You can use Vitest's vi.stubGlobal method:

import { expect, test, vi } from "vitest";
import { convexTest } from "../index";
import { api } from "./_generated/api";
import schema from "./schema";

test("ai", async () => {
const t = convexTest(schema);

vi.fn(async () => ({ text: async () => "I am the overlord" }) as Response),

const reply = await t.action(api.messages.sendAIMessage, { prompt: "hello" });
expect(reply).toEqual("I am the overlord");


Asserting results

See Vitest's Expect reference.

toMatchObject() is particularly helpful when asserting the shape of results without needing to list every object field.

Asserting errors

To assert that a function throws, use .rejects.toThrowError():

import { convexTest } from "convex-test";
import { expect, test } from "vitest";
import { api } from "./_generated/api";
import schema from "./schema";

test("messages validation", async () => {
const t = convexTest(schema);
expect(async () => {
await t.mutation(api.messages.send, { body: "", author: "James" });
}).rejects.toThrowError("Empty message body is not allowed");

Debugging tests

You can attach a debugger to the running tests.

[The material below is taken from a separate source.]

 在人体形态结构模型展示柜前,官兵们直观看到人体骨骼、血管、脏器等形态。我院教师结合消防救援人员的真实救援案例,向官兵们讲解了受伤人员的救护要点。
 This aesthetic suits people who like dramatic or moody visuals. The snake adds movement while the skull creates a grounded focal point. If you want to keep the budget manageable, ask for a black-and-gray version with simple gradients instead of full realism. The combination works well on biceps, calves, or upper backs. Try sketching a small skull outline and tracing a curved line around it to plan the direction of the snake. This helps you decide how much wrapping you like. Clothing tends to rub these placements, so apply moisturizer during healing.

Read the Vitest Debugging docs and then use npm run test:debug.


Since convex-test is only a mock implementation, it doesn't have many of the behaviors of the real Convex backend. Still, it should be helpful for testing the logic in your functions, and catching regressions caused by changes to your code.

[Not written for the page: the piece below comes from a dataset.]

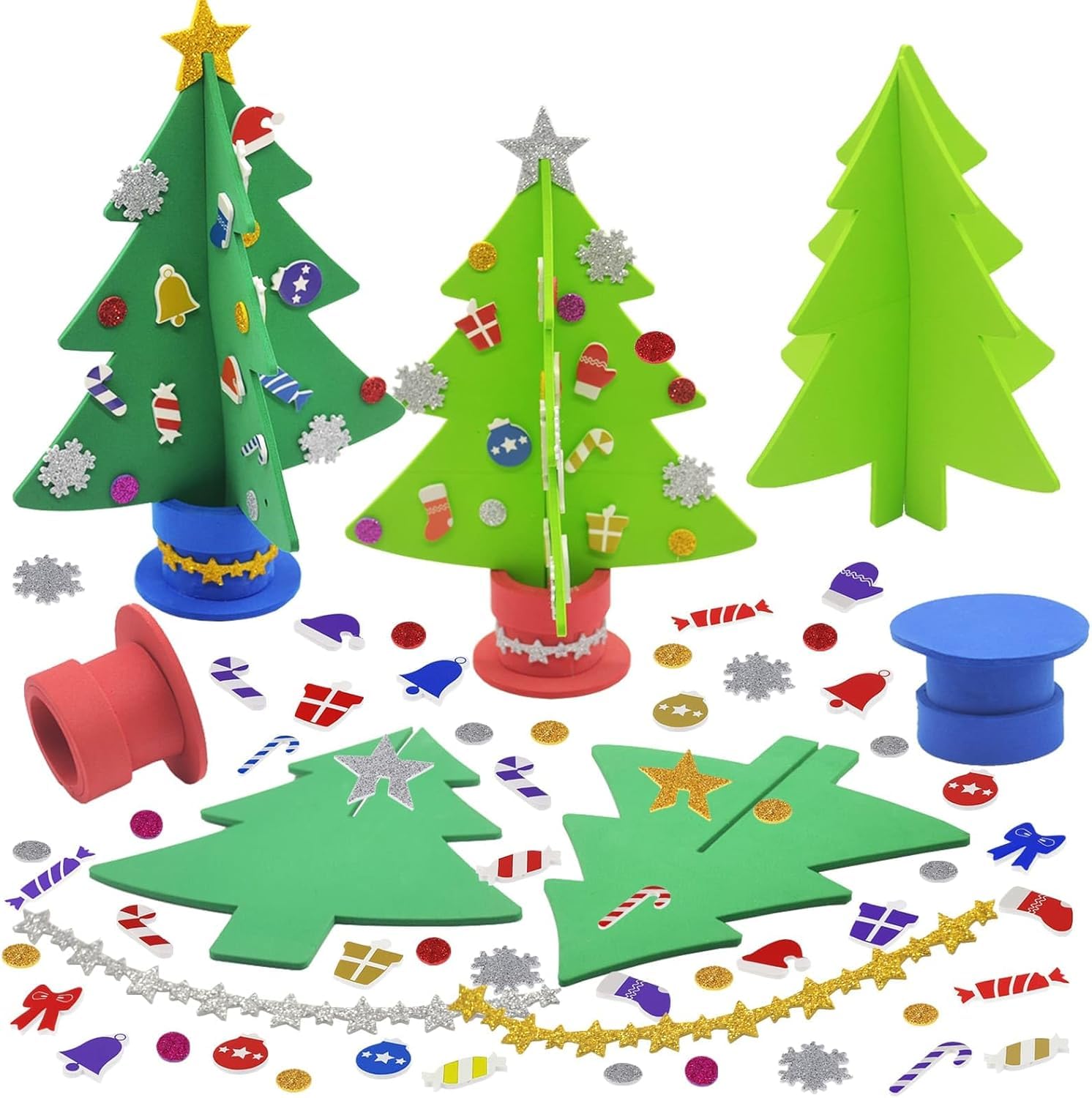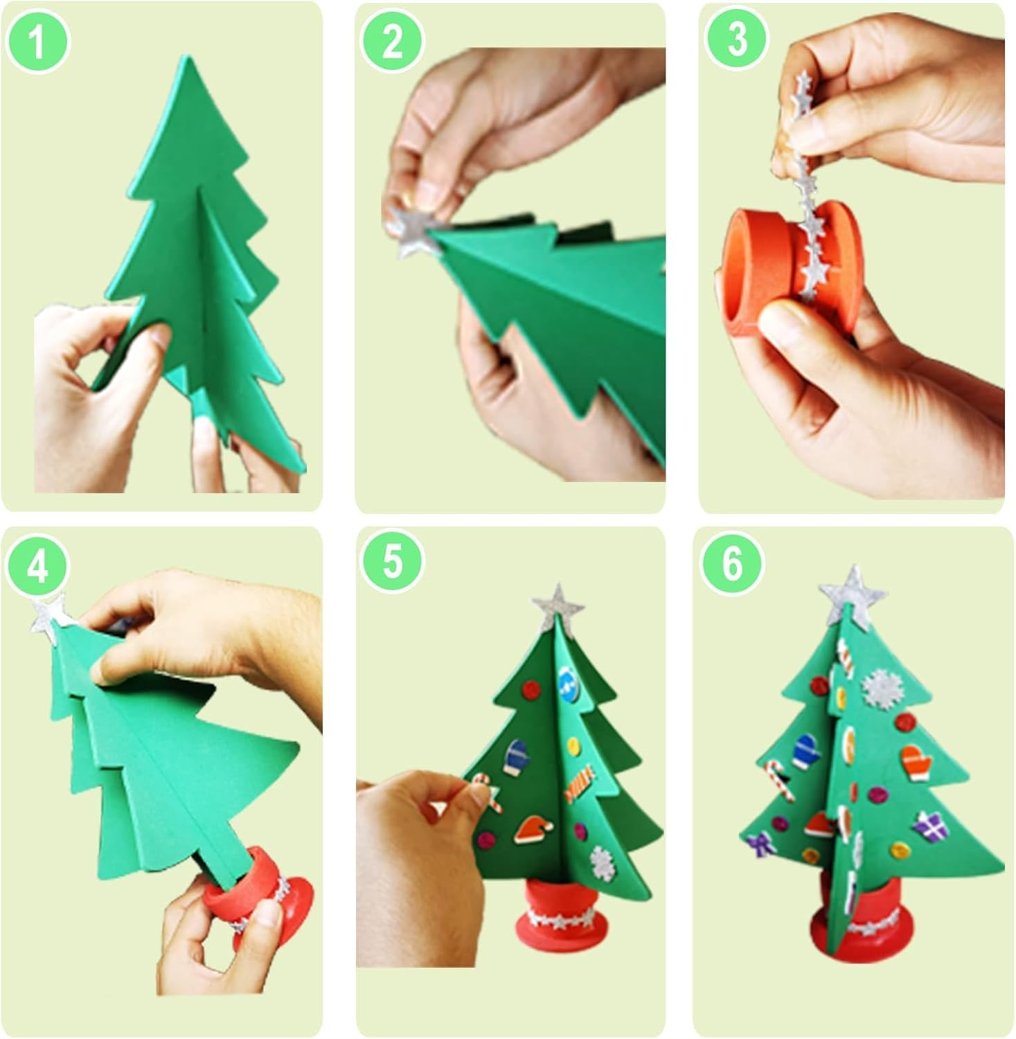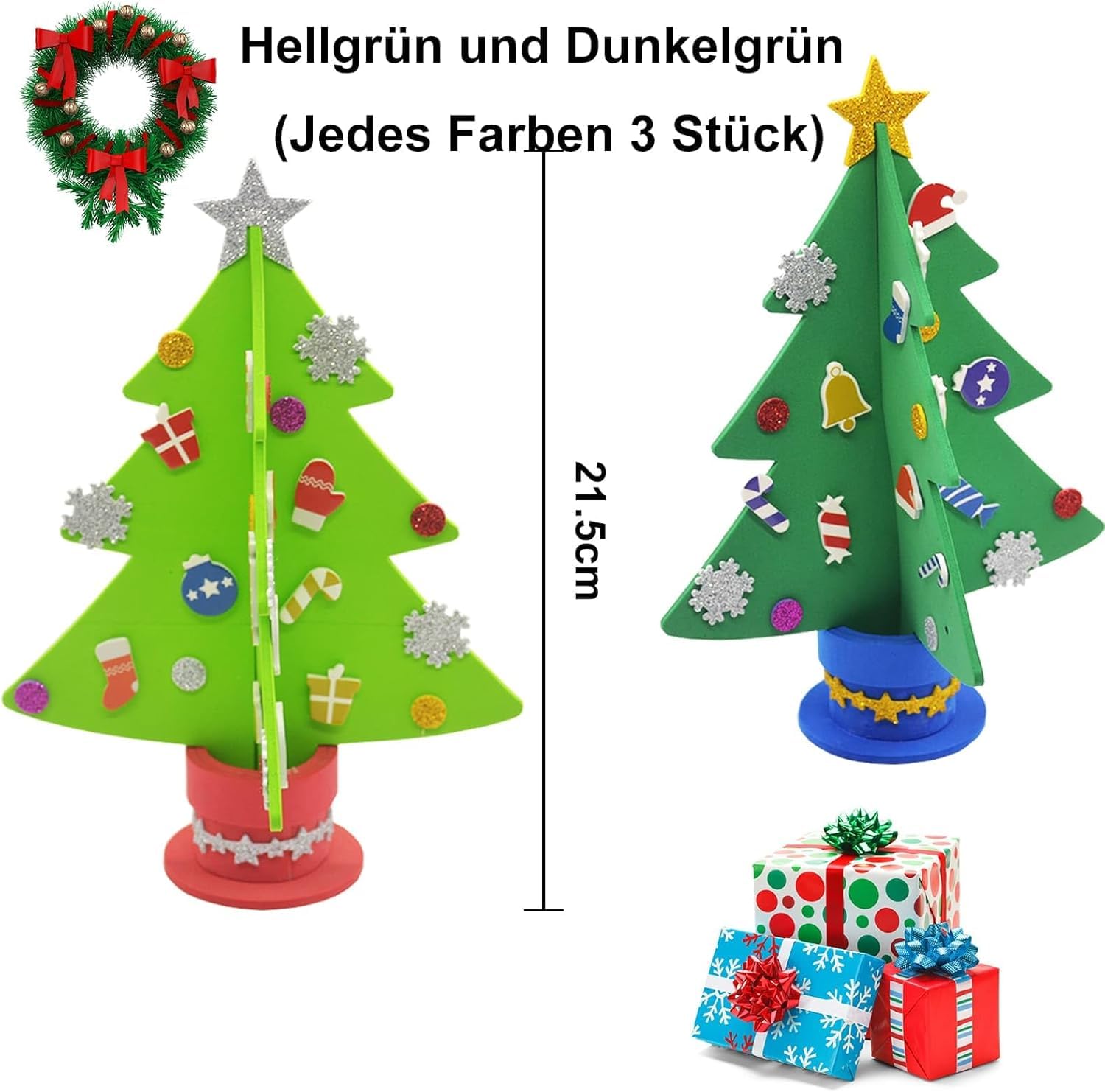 - DIY Weihnachtsbastelset – Enthält 6 Weihnachtsbäume in 2 Farben: 3x Hellgrün und 3x Dunkelgrün. Mit vorgestanzten EVA-Baumteile, Moosgummi-Topf, selbstklebenden Deko-Elementen und Stern sowie einer leicht verständlichen Anleitung.

Some of the ways the mock differs:

  • Error messages content. You should not write product logic that relies on the content of error messages thrown by the real backend, as they are always subject to change.
  • Limits. The mock doesn't enforce size and time limits.
  • ID format. Your code should not depend on the document or storage ID format.
  • Runtime built-ins. Most of your functions are written for the Convex default runtime, while Vitest runs your tests in your local Node.js runtime. You should always test new code manually to make sure it doesn't use built-ins not available in the Convex runtime.
  • Some features have only simplified semantics, namely:
    • Text search returns all documents that include a word for which at least one word in the searched string is a prefix. It does not implement fuzzy searching and doesn't sort the results by relevance.
    • Vector search returns results sorted by cosine similarity, but doesn't use an efficient vector index in its implementation.
    • There is no support for cron jobs, you should trigger your functions manually from the test.

Testing using the local backend

Alternatively to convex-test you can test your functions using the open-source version of Convex backend. Follow this guide for the instructions.

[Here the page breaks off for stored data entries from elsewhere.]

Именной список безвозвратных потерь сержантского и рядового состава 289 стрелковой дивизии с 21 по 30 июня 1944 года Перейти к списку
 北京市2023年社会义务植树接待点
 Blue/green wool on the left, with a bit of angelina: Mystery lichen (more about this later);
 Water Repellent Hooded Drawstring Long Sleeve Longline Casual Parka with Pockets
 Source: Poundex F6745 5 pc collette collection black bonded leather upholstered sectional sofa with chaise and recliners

This method allows for an additional test coverage:

  • Your tests will run against the same code as your Convex production (as long you keep the local backend up-to-date).
  • Limits on argument, data, query sizes are enforced.
  • You can bootstrap a large test dataset from a snapshot import.
  • You can test your client code in combination with your backend logic.

Note that testing against the local backend also has some drawbacks:

  • It requires setting up the local backend, which is more involved.
  • No control over time and any scheduled functions will run as scheduled.
  • Crons will also run unless disabled via IS_TEST.
  • No way to mock fetch calls.
  • No way to mock dependencies or parts of the codebase.
  • No way to control randomness (tests may not be deterministic).
  • No way to set environment variable values from within tests.

Testing in GitHub Actions

It's easy if you're using GitHub to set up CI (continuous integration) workflow for running your test suite:

name: Run Tests

on: [pull_request, push]

runs-on: ubuntu-latest
- uses: actions/checkout@v4
- uses: actions/setup-node@v4
- run: npm ci
- run: npm run test

After you commit and push this file to your repository, GitHub will run npm run test every time you create a pull request or push a new commit.